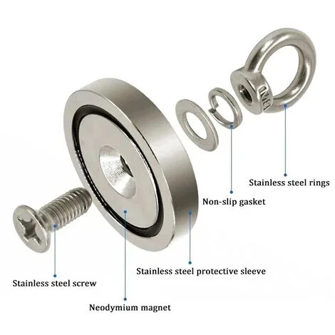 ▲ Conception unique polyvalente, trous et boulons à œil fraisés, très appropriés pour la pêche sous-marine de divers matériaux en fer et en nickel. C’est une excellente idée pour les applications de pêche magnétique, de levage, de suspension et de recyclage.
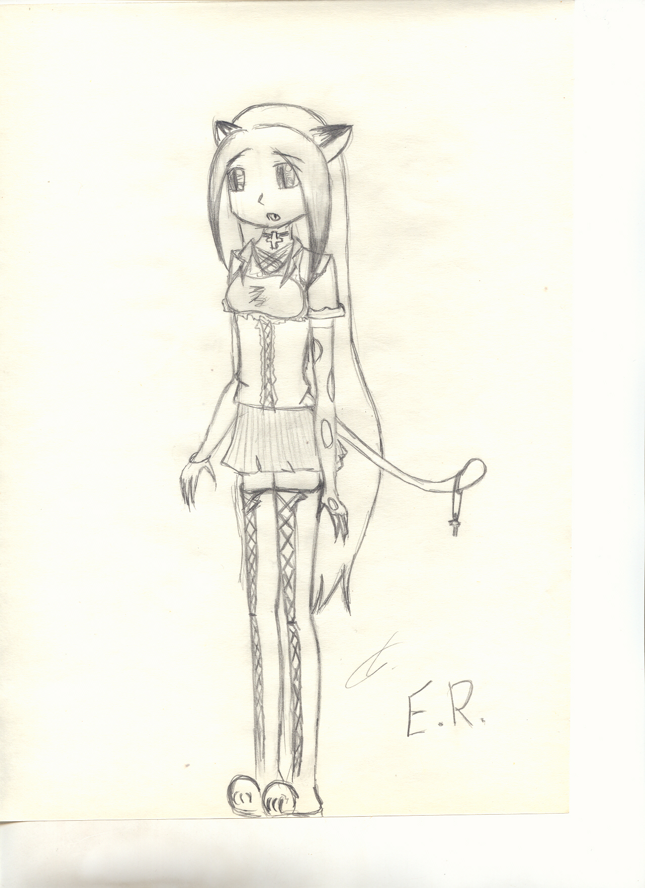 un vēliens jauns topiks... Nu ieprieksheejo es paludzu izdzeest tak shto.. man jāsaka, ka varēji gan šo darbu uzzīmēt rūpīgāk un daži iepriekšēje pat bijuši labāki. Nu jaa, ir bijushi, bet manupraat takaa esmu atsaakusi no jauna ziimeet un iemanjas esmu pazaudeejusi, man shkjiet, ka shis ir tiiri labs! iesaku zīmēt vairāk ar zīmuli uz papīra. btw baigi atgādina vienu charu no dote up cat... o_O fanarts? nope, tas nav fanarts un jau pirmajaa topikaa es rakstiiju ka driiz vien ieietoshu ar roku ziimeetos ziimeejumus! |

==

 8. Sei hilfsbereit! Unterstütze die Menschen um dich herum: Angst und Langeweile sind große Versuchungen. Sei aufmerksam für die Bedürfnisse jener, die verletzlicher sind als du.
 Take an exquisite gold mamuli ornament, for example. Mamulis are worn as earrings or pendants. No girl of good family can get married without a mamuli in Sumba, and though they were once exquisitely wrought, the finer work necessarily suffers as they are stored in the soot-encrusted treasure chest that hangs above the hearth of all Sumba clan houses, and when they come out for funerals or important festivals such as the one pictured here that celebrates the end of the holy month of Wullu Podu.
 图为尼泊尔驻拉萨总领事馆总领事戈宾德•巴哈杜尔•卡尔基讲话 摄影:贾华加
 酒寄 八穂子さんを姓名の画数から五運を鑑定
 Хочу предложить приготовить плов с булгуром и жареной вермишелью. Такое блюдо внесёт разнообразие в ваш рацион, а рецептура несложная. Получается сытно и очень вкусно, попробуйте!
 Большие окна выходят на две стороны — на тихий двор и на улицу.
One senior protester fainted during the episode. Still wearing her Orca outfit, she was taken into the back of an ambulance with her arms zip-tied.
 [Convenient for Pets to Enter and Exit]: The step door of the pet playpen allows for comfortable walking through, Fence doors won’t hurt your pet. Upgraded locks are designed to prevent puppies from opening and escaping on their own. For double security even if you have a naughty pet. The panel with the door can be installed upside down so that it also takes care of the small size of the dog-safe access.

**REQUIRED WORK**. From the data above, return only the lines starting at the line that holds "et de recyclage." and ending at the line that holds "un vēliens jauns", word for word and without pictures.

**RESULT OF THIS EXERCISE**.
 ▲ Conception unique polyvalente, trous et boulons à œil fraisés, très appropriés pour la pêche sous-marine de divers matériaux en fer et en nickel. C’est une excellente idée pour les applications de pêche magnétique, de levage, de suspension et de recyclage.
 un vēliens jauns topiks... Nu ieprieksheejo es paludzu izdzeest tak shto.. man jāsaka, ka varēji gan šo darbu uzzīmēt rūpīgāk un daži iepriekšēje pat bijuši labāki. Nu jaa, ir bijushi, bet manupraat takaa esmu atsaakusi no jauna ziimeet un iemanjas esmu pazaudeejusi, man shkjiet, ka shis ir tiiri labs! iesaku zīmēt vairāk ar zīmuli uz papīra. btw baigi atgādina vienu charu no dote up cat... o_O fanarts? nope, tas nav fanarts un jau pirmajaa topikaa es rakstiiju ka driiz vien ieietoshu ar roku ziimeetos ziimeejumus! |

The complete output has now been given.